The RenalGuard™ System (PLC Medical Systems, Inc. Franklin, MA, USA) is a device that can guide the physician in achieving high urine output with a low furosemide dose while simultaneously balancing urine output and venous fluid infusion to minimize the risk of overhydration or underhydration. Several studies have demonstrated that the approach of controlled, forced diuresis using the RenalGuard therapy is more effective than the conventional therapy in preventing CI-AKI in high-risk patients [17], [18], [19], [20]. However, the automated RenalGuard system is not widely available especially in many low- and middle-income countries. In our study, we have shown in randomized controlled trial the value of a non-automated matched hydration and forced diuresis in the prevention of CIN in patients with CKD who had undergone coronary procedures. The main finding of this study is the statistically significant lower rate of CIN among patients who received non-automated matched hydration and forced diuresis compared to the control group (8.01% vs. 14.04%, p < 0.001). In subgroups analysis, the incidence of CIN was not statistically different in patients undergoing urgent coronary procedures. This is likely due to the small sample size of patients who underwent urgent procedures in our study sample.

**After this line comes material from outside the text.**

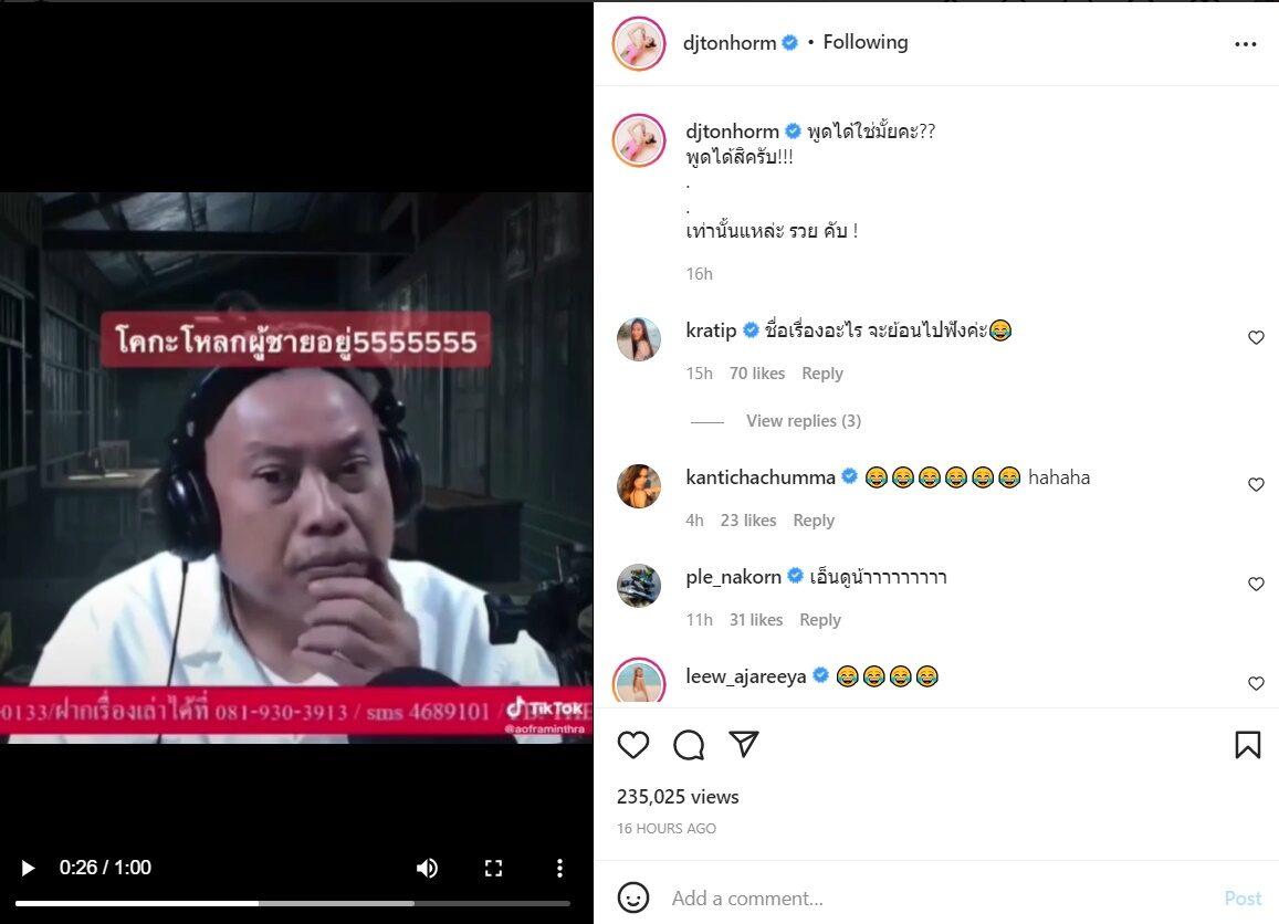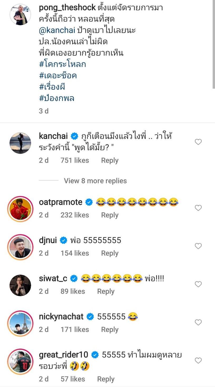 ซึ่งนอกจากจะมีคนในวงการบันเทิงรวมถึงแฟนๆ เข้ามาคอมเมนต์ขำหนักมากแล้ว ด้านหนุ่ม กรรชัย ก็เข้ามาแสดงความคิดเห็นว่า “-ูก็เตือนมึ-แล้วไงพี่ .. ว่าให้ระวังคำนี้ "พูดได้มั้ย?"” ทำเอาชาวเน็ตแห่กดไลค์และแซวต่อแบบรัวๆ ด้านดีเจต้นหอม ศกุนตลา ก็เอาคลิปดังกล่าวไปโพสต์ในไอจีตัวเองด้วย

It is also noteworthy that baseline mean serum creatinine was similar in both MHFD and control groups. Although the MHFD group had younger patients and had low number of CTO-PCIs performed, overall MHFD group had higher rate of atherosclerosis-related risk factors such as DM, HTN, smoking and PAD, suggesting a higher risk of CIN in this group. Despite this increased risk profile, the rate of CIN was lower in the MHFD group. The magnitude of benefit seen in our study is similar to that achieved by MYTHOS trial that examined the benefits of furosemide-induced high-volume diuresis and maintenance of intravascular volume through automatic RenalGuard matched hydration system for the prevention of CIN in high-risk patients undergoing coronary procedures [18]. Our study suggests that a non-automated MHFD method can be used as an effective alternative to the RenalGuard system.

Study limitations

This study has several limitations. First, this was a single-center open-label study. However, this study is conceived a pragmatic study with limited funding and therefore it was not possible to blind the study. Secondly, patients with left ventricular systolic dysfunction were not included. Thirdly the results from this trial should not be applied to patients undergoing primary PCI and especially to those with severe impairment of renal function, as the mean eGFR was 46.37 ± 10.25 ml/min/1.73 m2. It should however be noted that to the best of our knowledge, this is the largest study of non-automated matched hydration forced diuresis in patients with CKD undergoing coronary interventions.

Conclusion

Similar to previously published studies, in the CINEMA study, we showed that furosemide-induced diuresis with maintenance of intravascular volume through a non-automated matched hydration is effective and safe method in reducing the risk of CIN in CKD patients undergoing coronary procedures.

Declaration of Competing Interest

The authors declare that they have no known competing financial interests or personal relationships that could have appeared to influence the work reported in this paper.